I had a nice email back-and-forth with a colleague the other day discussing a new trend she was seeing in the field. As the conversation wound down to a close, I wrote that I looked forward to seeing her at the Apra International conference (Pittsburgh! August 8-11!). She came back for one last reply, saying that after nearly 20 years of going, the vice president of fundraising was asking her for justification of the expense.

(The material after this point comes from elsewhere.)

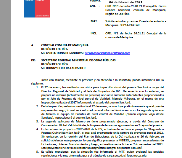 El Concejal por Mariquina Carlos Donaire se manifestó bastante preocupado por la actual situación que vive el puente principal de acceso a la comuna de Mariquina y que data del año 1929 , motivo por el cual oficio al Mop Regional el día 26 de Enero de 2021 en la cual solicita a este organismo estudiar y revisar el puente de entrada a esa comuna y que tal como mostrara en una grabación de  Andrés Roa se observa un deterioro evidente en sus cepas, el oficio de la autoridad de Mariquina esta dirigido fundamentalmente al Seremi de Obras Publicas de la Region Jonny Herrera para que de respuestas a la ciudadanía en esta delicada materia de interés publico indico Donaire . En tanto desde el Mop vía oficio le comunicaron a Carlos Donaire que »     El 27 de enero, fue realizada una visita para inspección visual del puente San José a cargo del Director Regional de Vialidad y el Jefe de Proyectos de DV. De acuerdo con lo anterior, se prepara un informe (actualmente en proceso), al cual se sumarán antecedentes proporcionados por el Jefe de Puentes de nivel central de Vialidad, Marcelo Márquez, en el marco de una inspección realizada el 2017 informando el estado del puente San José. 2.-De la inspección preliminar realizada el 27 de enero, se concluye preliminarmente que el puente no presenta riesgo, lo cual será reforzado con el informe técnico en curso. La segunda quincena de febrero el equipo de Puentes de nivel central de Vialidad (camión especial viaja desde Santiago), inspeccionará el puente San José.3.-La segunda quincena de febrero se tiene programado ejecutar, a través del Contrato de Conservación Global Valdivia Norte, la limpieza de las ramas aglomeradas en 2 cepas del puente, en este punto se pudo establecer que este trabajo ya se realizo hace una par de días atrás lo que fue verificado por una visita realizada por el Diputado Ivan Flores este Viernes a San Jose.

My first thought was: hey wait a minute – this email chain isn’t an anomaly. This colleague and I have had numerous conversations to discuss one new emerging trend or another, so it’s not as if she has stagnated in her job and doesn’t ‘deserve’ the continuing ed. This is someone who is still engaged and curious to learn after at least 20 years in the field.
And I wondered – would the same restriction apply if she left and someone less seasoned came into her position? Would the VP need justification to send him or her? Did they think my colleague had just absorbed everything there was to learn?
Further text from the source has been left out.